> **Requirement**: Restate the data below word for word, and let no image into your version.

> **Data section**:
Segment Open

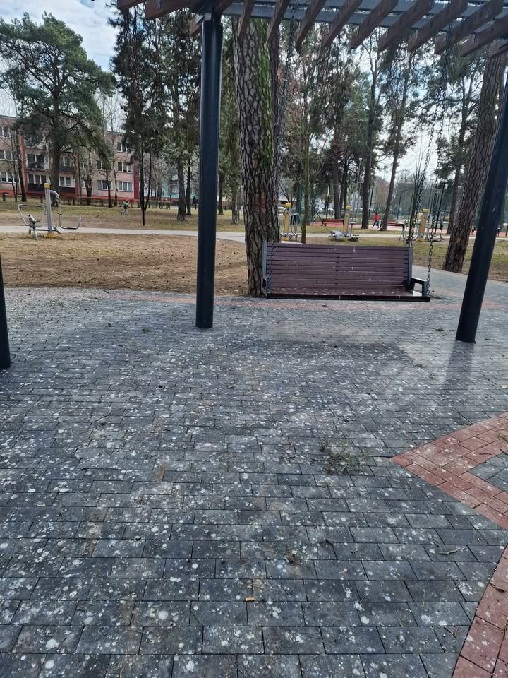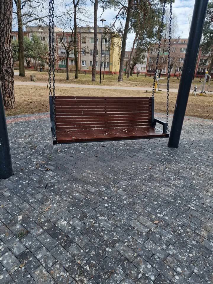 Trzecie zdjęcie to widok huśtawki. Siedzisko i oparcie pokryte są warstwą odchodów ptaków. Trudno wyobrazić sobie, by ktokolwiek chciał korzystać z huśtawki w takim stanie - a przecież to właśnie tego rodzaju miejsca mają zachęcać mieszkańców do wypoczynku na świeżym powietrzu. Kostka brukowa pokryta jest gęsto plamami ptasich odchodów, miejscami zlanych w większe skupiska.
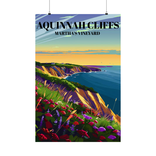 Aquinnah Cliffs Martha's Vineyard Travel Poster, Gay Head Cliffs Sunset Art
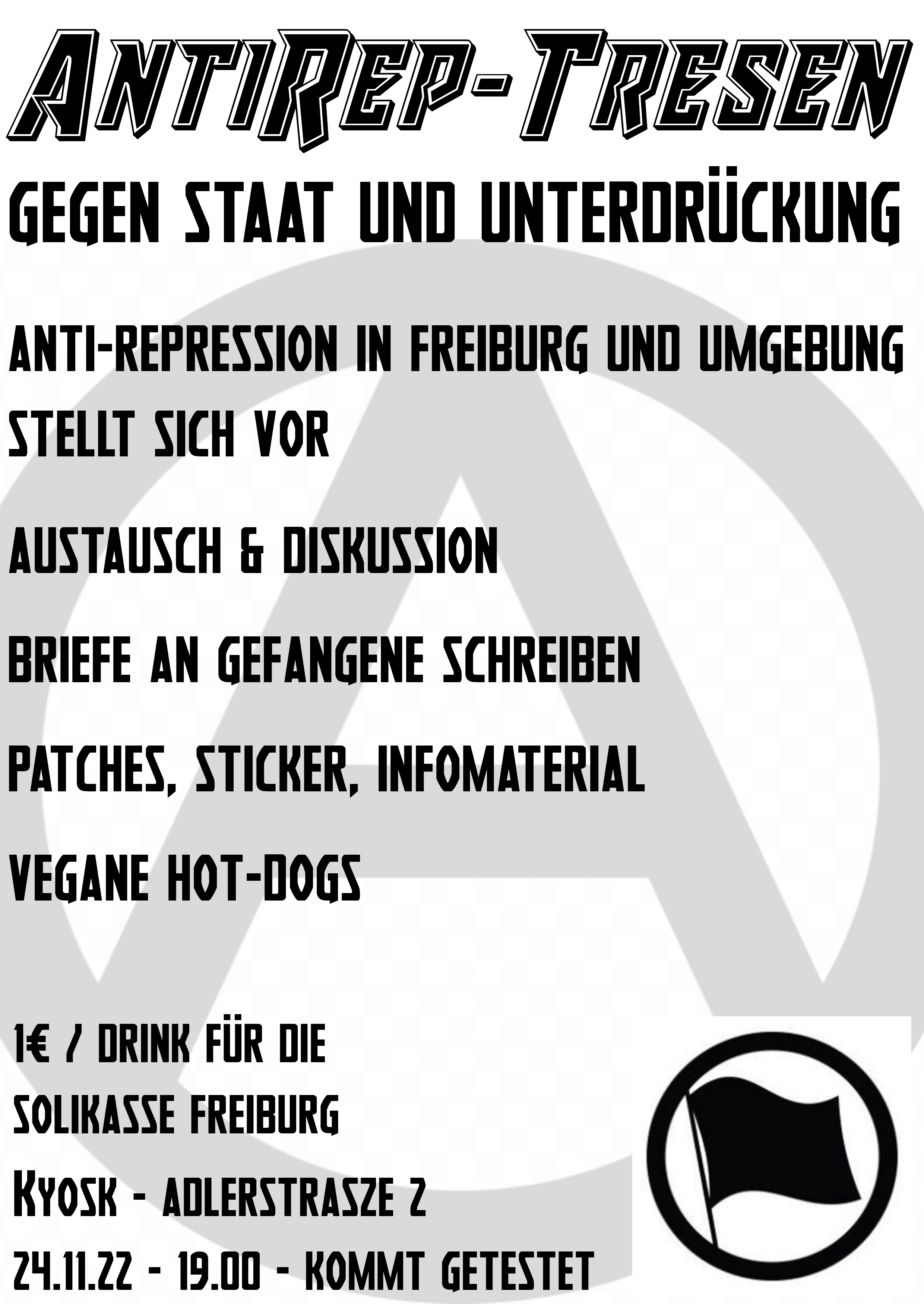 Wir laden ein zum Anti'Rep-Tresen im November. Auch im beschaulichen Freiburg bekommen Menschen Strafbefehle, müssen Geldstrafen wegen Ordnungswidrigkeiten bezahlen oder wandern in den Knast, weil sie gegen die "gegen die Regeln" verstoßen haben. Wenn Repression droht, könnt ihr die Rote Hilfe Freiburg oder den Ermittlungsausschuss Freiburg um Rat und Unterstützung bitten. Diese Unterstützung ist Teil politischer Arbeit und wird kostenlos angeboten. Wer kennt sich schon aus mit allen Gesetzen dieses Staates?

Segment Closed

> **Problem solution**:
 Trzecie zdjęcie to widok huśtawki. Siedzisko i oparcie pokryte są warstwą odchodów ptaków. Trudno wyobrazić sobie, by ktokolwiek chciał korzystać z huśtawki w takim stanie - a przecież to właśnie tego rodzaju miejsca mają zachęcać mieszkańców do wypoczynku na świeżym powietrzu. Kostka brukowa pokryta jest gęsto plamami ptasich odchodów, miejscami zlanych w większe skupiska.
 Aquinnah Cliffs Martha's Vineyard Travel Poster, Gay Head Cliffs Sunset Art
 Wir laden ein zum Anti'Rep-Tresen im November. Auch im beschaulichen Freiburg bekommen Menschen Strafbefehle, müssen Geldstrafen wegen Ordnungswidrigkeiten bezahlen oder wandern in den Knast, weil sie gegen die "gegen die Regeln" verstoßen haben. Wenn Repression droht, könnt ihr die Rote Hilfe Freiburg oder den Ermittlungsausschuss Freiburg um Rat und Unterstützung bitten. Diese Unterstützung ist Teil politischer Arbeit und wird kostenlos angeboten. Wer kennt sich schon aus mit allen Gesetzen dieses Staates?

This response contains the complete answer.